There is evidence to suggest that n. isthmi may directly
affect retinal input. Earlier biochemical (Ricciuti and Gruberg, ’85) and immunocytochemical (Desan et al., ’87) studies have shown that n. isthmi is the only significant source of
cholinergic input to the tectum. Henley et al. (’86) have
found that goldfish retinal ganglion cells synthesize acetylcholine receptors and transport them to the optic tectum.
Sargent (personal communication) has found similar results
in R. pipiens. These results imply that at least some retinotectal fibers could be cholinoceptive. Cholinergic n. isthmi
fibers could then synapse onto these retinal fibers. However,
ultrastructural observations of frog tectum do not reveal
synapses on to retinal elements (Szekely et al., ’73). Retinotectal terminals do make serial synapses with elements
(type 3 of Szekely et al., ’73) interposed between retinal terminals and tectal dendrites. This intermediate is possibly an
isthmotectal terminal. However, using morphological criteria, Szekely et al. suggest that type 3 terminals are more
likely to be dendritic appendages. The ultrastructural locus
of isthmotectal terminals is still obscure.

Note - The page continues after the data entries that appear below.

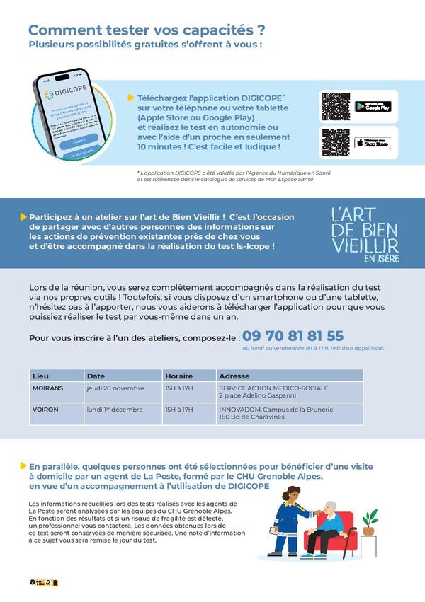 📱 Grâce à l’application DIGICOPE, validée par l’Agence du Numérique en Santé, vous êtes accompagné pour rester en forme, en autonomie ou avec l’aide de professionnels.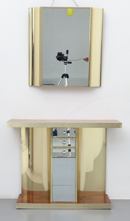 UNA CONSOLE CON SPECCHIERA, anni '80. <br>Ottone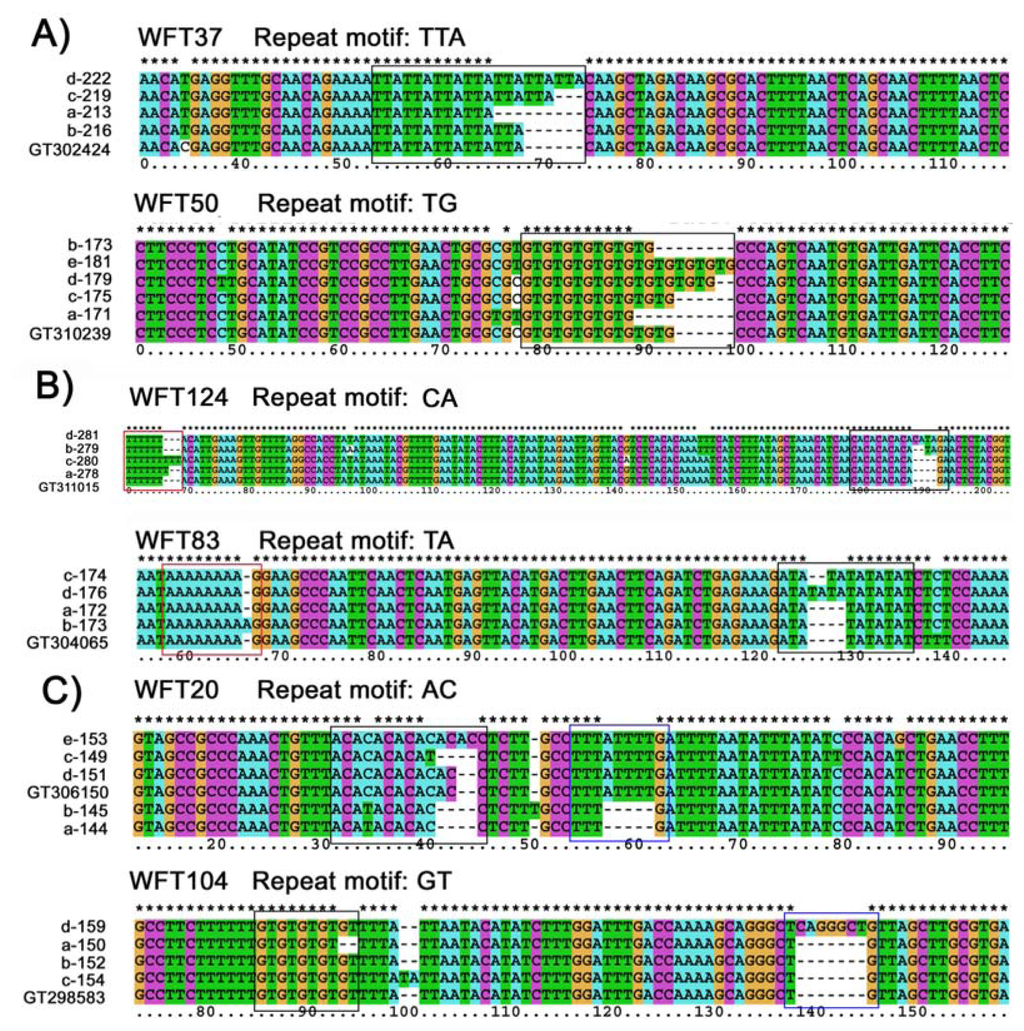 Ninety-five different alleles, whose allele frequency was approximately 98%, were successfully sequenced. All the sequences obtained corresponded exactly to the expected EST sequences. The other 4 rare alleles with a low frequency were not sequenced. Sequence analysis of these alleles revealed that three types of mutational events are responsible for the generation of new alleles (Six loci exhibiting all three mutation patterns are listed in Figure 1, the other 12 are shown in Figures S1 and S2). First, size variation of sequenced alleles was explained by the differences in the numbers of repeat motifs for 7 microsatellites (Figure 1A, Figure S1). Second, at the WFT51, WFT83, WFT108 and WFT124 loci, two different repeat motifs, including one in the flanking region, were found, both contributing to the allele-size variation (Figure 1B, Figure S2A). Third, indels in the flanking region were observed in 7 loci (WFT20, WFT66, WFT87, WFT104, WFT139, WFT141 and WFT144; (Figure 1C, Figure S2B)), but the frequencies of these alleles were very low in four loci (WFT20: 0.088; WFT66: 0.088; WFT87: 0.144 and WFT139: 0.021). Besides the three mutation patterns mentioned above, base substitutions in the repeat or the flanking region were also observed in 9 and 9 loci respectively. They did not contribute to the length changes of the microsatellites. In addition, several loci had multiple mutation types mentioned above, e.g., WFT37 contained both base substitutions in the flanking region and step-wise mutation in the repeat region; WFT104 had both indels in the flanking regions and step-wise mutation in the repeat motif. A minimum number of contiguous repeats might be necessary for slippage to occur. These have been suggested to be four in di-nucleotide repeats and two in tri- and tetra-nucleotide repeats [21,22]. Using these criteria, we calculated the frequency of slippage consistent and inconsistent mutations. The allele size variation mainly came from the slippage at the repeat motifs. Sixty-six alleles with a frequency of 75.5% from the 18 loci possessed this mutation mechanism. Twenty-two alleles from 7 loci showed slippage in the flanking region, with the frequency of 19.9%. In addition, mutation mechanisms other than slippage also occurred in our microsatellites, with the frequencies of 12.6% (20 alleles from 6 loci) in the repeat motifs and 8.4% (11 alleles from 7 loci) in the flanking region. Generally speaking, slippage in the repeat motif and flanking region was the main mutation mechanism for the newly developed microsatellites.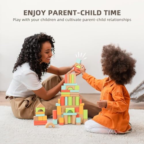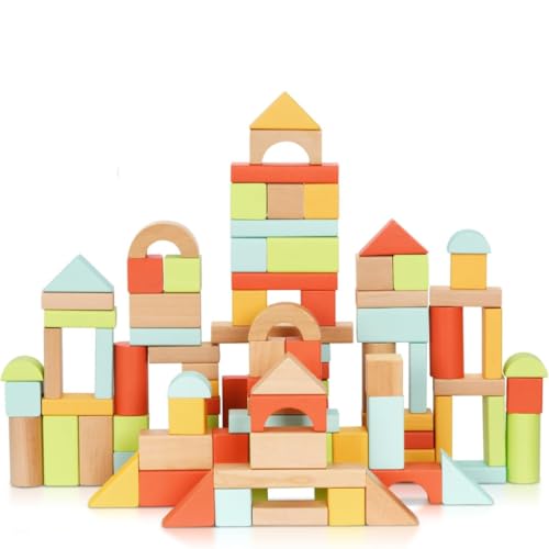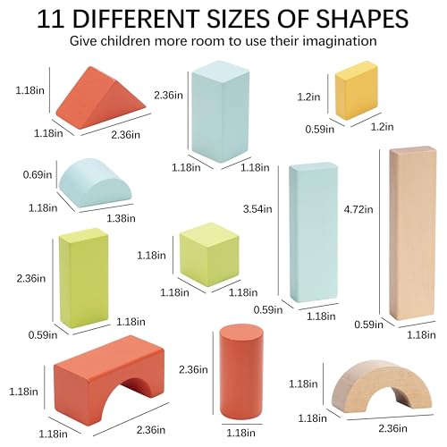 Endless Building Fun – This colorful wooden block set includes 100 pieces in 5 vibrant colors and 11 unique shapes, giving toddlers endless options to create everything from castles and cars to bridges and rockets—all while sparking imagination and creativity.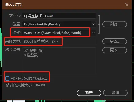 采样类型:8000 Hz,单声道,8位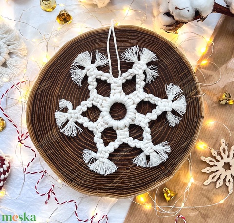 Makramé hópehely karácsonyi dísz, ünnepi dekoráció, natúr-fehér vagy csillogó natúr-arany fonalból

In summary, we conclude that the predominant extrinsic
inputs to the superficial layers of the frog tectum are from
retina and n. isthmi. Contralaterally projecting isthmotectal
fibers cross in the posterior part of the optic chiasm and no
other nonretinal fiber systems are present there. These contralaterally projecting fibers are mixed with retinal fibers
along their subsequent pathway to the tectum.
ACKNOWLEDGMENTS
We thank William Harris for advice about HRP administration and Mark Hulsebosch and Dagmar Skee for technical help. This work was supported by NIH grant EY 04366.